Abstract
We propose multilayer moiré structures in strong external magnetic fields as a novel platform for realizing highly tunable, frustrated Hubbard physics with topological order. Identifying the layer degree of freedom as a pseudospin allows us to retain SU(2) symmetry while controlling ring-exchange processes and concurrently quenching the kinetic energy by large external magnetic fields. This way, a broad class of interacting Hubbard-Hofstadter states and their transitions can be studied. Remarkably, in the limit of strong interactions the system becomes Mott insulating and we find chiral pseudospin-liquid phases which are induced by the magnetic field. We find that this topologically ordered state remains exceptionally stable toward relevant perturbations. We discuss how layer pseudospin can be probed in near-term experiments. As the magnetic flux can be easily tuned in moiré systems, our approach provides a promising route toward the experimental realization and control of topologically ordered phases of matter.
- Received 15 September 2022
- Revised 6 February 2024
- Accepted 8 March 2024
DOI:https://doi.org/10.1103/PhysRevX.14.021013
Published by the American Physical Society under the terms of the Creative Commons Attribution 4.0 International license. Further distribution of this work must maintain attribution to the author(s) and the published article’s title, journal citation, and DOI.
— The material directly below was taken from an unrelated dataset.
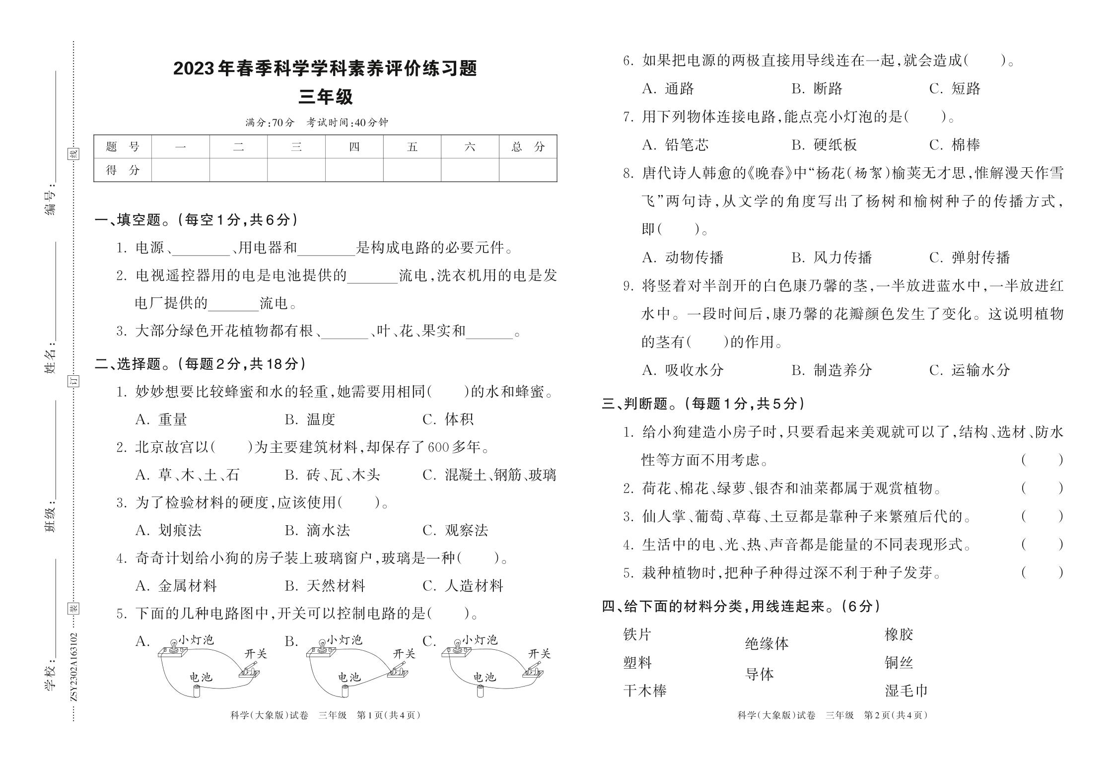 河南省洛阳市嵩县2023年春季科学学科素养评价练习题三年级(大象版)

Published by the American Physical Society
Physics Subject Headings (PhySH)
Popular Summary
Spin liquids are exotic quantum phases in which the electron spins do not settle into any order when cooled—rather, they continue to fluctuate. This in turn leads to unusual properties like fractionalized charges and closely connects these states to fundamental theories of nature, such as electromagnetism. Furthermore, spin liquids have the potential to provide a basis for robust quantum computations. Despite the significance of spin liquids, experimental observations have remained elusive due to the fragility of such states and their being difficult to characterize. In this work, we analyze how carefully designed multilayer structures of 2D materials may overcome some of these obstacles.
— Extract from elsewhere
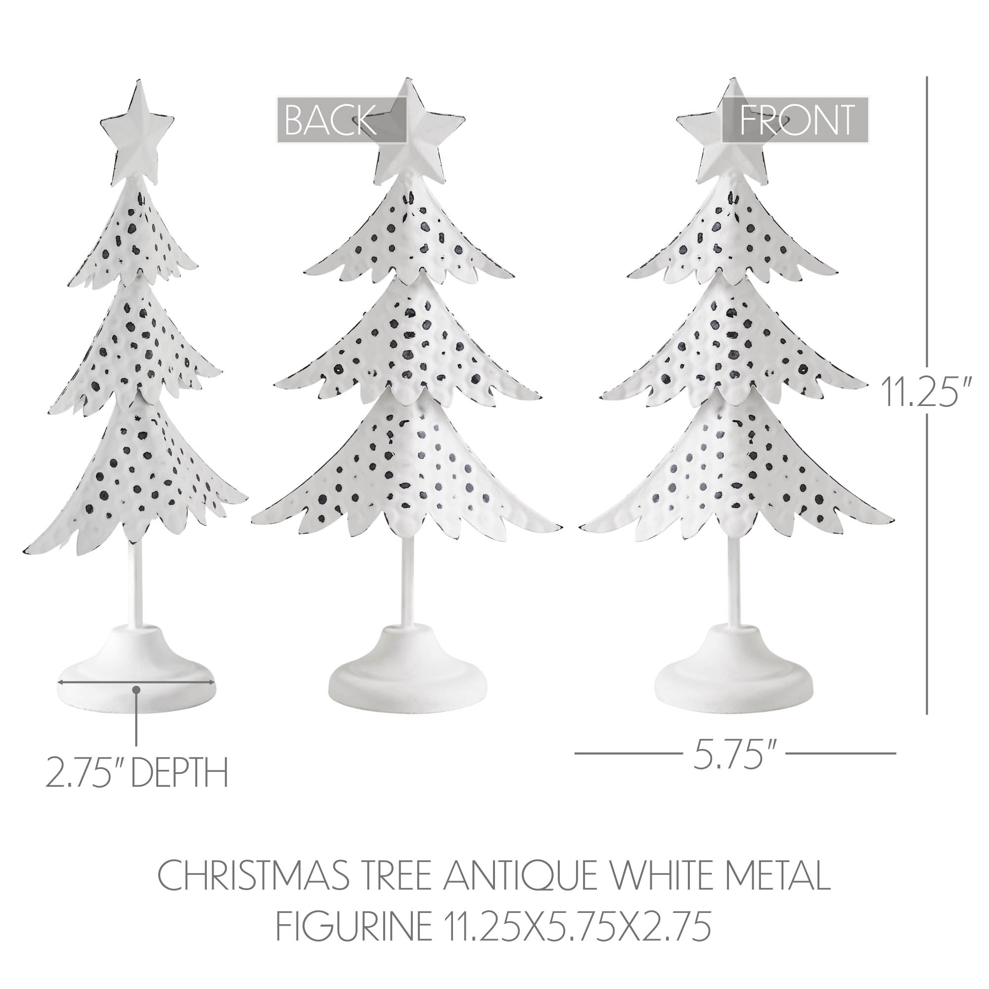 Enhance the ambiance of your winter and Christmas decor with the timeless elegance of the VHC Brands Metal Christmas Tree Antique White Figurine. Standing at 11.25 inches tall, this charming metal figurine embodies the spirit of the holiday season with its classic design and rustic allure. Crafted from sturdy metal, this figurine features a delightful Christmas tree silhouette complete with intricate details and a star topper, adding a touch of festive whimsy to any tabletop or shelf. The antique white finish exudes a vintage-inspired charm that complements a variety of decor styles, from traditional to rustic. Its primitive and rustic aesthetic enhances its cozy appeal, making it a versatile accent piece for your dining room, entryway, or living room decor. Whether displayed on its own or paired with other holiday decorations, this figurine brings a sense of nostalgia and warmth to your home during the winter months and Christmas festivities. Maintaining the pristine appearance of this metal Christmas tree is effortless - simply wipe it clean with a soft cloth as needed to keep it looking its best throughout the holiday season. With its enduring charm and distressed appearance, the VHC Brands Metal Christmas Tree Antique White Figurine adds a touch of vintage-inspired beauty and holiday cheer to your indoor decor, making it a cherished part of your winter and Christmas celebrations for years to come.

Instead of working with intrinsic electronic angular momentum, which can point in two opposite directions, we focus on situations in which electrons can reside in two distinct layers of the material. This “layer index” acts as a pseudospin and allows us to introduce chirality—or a preferred directionality—into the system using external magnetic fields without polarizing the layer pseudospin of the electrons. We find that magnetic fields stabilize a particularly robust chiral spin liquid, which is a bosonic analog of a fractional quantum Hall state (in which electronic excitations carry particular, fractional electric charges). Not only does this spin liquid remain stable across vast parameter regimes, but it also persists in the presence of experimentally relevant perturbations.
The electronic nature of the layer pseudospin implies that many observables are easier to access than their electronic spin counterparts. In addition, our study suggests the existence of various continuous phase transitions in the phase diagram. Investigating these transitions will provide us with a better understanding of how spin-liquid phases destabilize.